P2-51 Microbial Consortia in Meat Processing Environment

Thursday, May 12, 2016
Megaron Athens International Conference Center
Valentina Alessandria, University of Turin-DISAFA, Turin, Italy
Kalliopi Rantsiou, University of Turin-DISAFA, Turin, Italy
Diego Toselli, Tecnogranda, Dronero, Italy
Maria Chiara Cavallero, Tecnogranda, Dronero, Italy
Simonetta Riva, Veterinary Food Safety, Salmour, Italy
Luca Cocolin, University of Turin-DISAFA, Turin, Italy
Introduction: Microbial contamination in food processing plants can play a fundamental role in food quality and safety. Spoilage organisms can be transferred from the environment to intermediates of production and may negatively affect the production process and the quality of the final products.

Purpose: The purpose of this study was to characterize the type of microbiota in the environment of meat processing plants and gain insights regarding potential microbial contamination risks for the final products.

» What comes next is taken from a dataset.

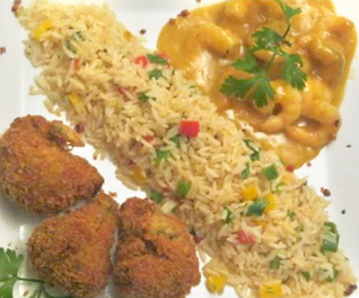 O primeiro prato é o Gamberi Passione, com camarão flambado ao vinho branco com mussarela, açafrão e molho bechamel, guarnecido com arroz piamontese. O segundo é o Gamberi alla Moda Bigi, também com camarão, mas desta vez flambado ao molho de maracujá, acompanhado com arroz primavera e brócolis a dorê.

Methods: The microbiota of three different meat plants were studied by both traditional and molecular methods (PCR-DGGE) in two different periods.  Environmental samples from surfaces and tools were analyzed and the occurrence of pathogens (Listeria monocytogenes and Salmonella spp.) was also investigated.

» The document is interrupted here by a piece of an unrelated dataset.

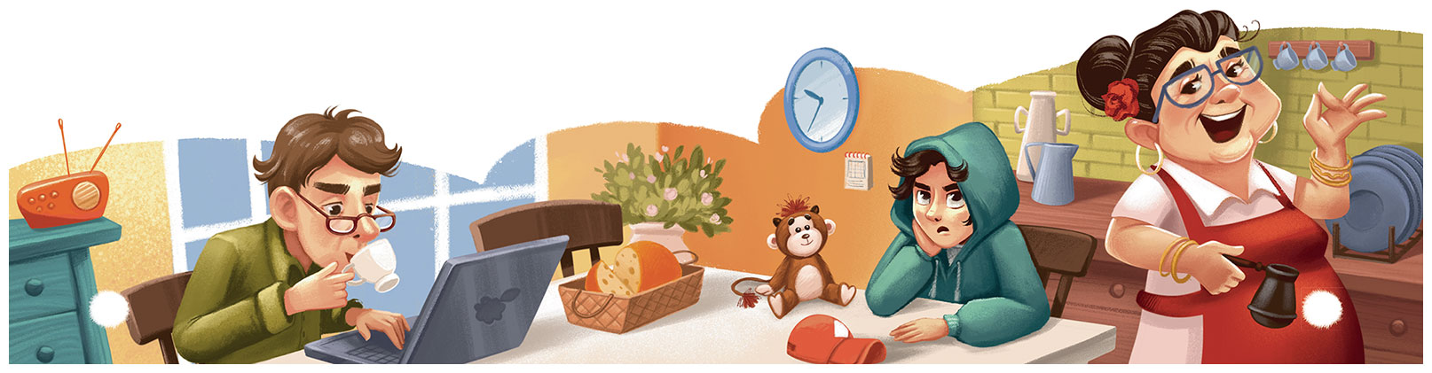 – Basta così![5] Меня хоть кто-то сегодня утром услышит? Андреа, вылези из-за монитора! Лёлик, сними уже этот капюшон!

Results: Different levels of contamination emerged between the three plants as well as between the two sampling periods. The pathogens investigated were detected in two of the three plants under analysis. Meat mixer, saw bones and conveyor belts resulted in the most commonly contaminated surfaces. DGGE analysis showed the coexistence of Staphylococcus sp. and spoilage-associated bacteria, including Pseudomonas and Acinetobacter, in the analyzed surfaces.

Significance: The description of the microbial consortia in the meat processing environment is important since it is a first step in understanding possible routes of product contamination. Furthermore it may contribute in the development of sanitation programs for effective pathogen removal.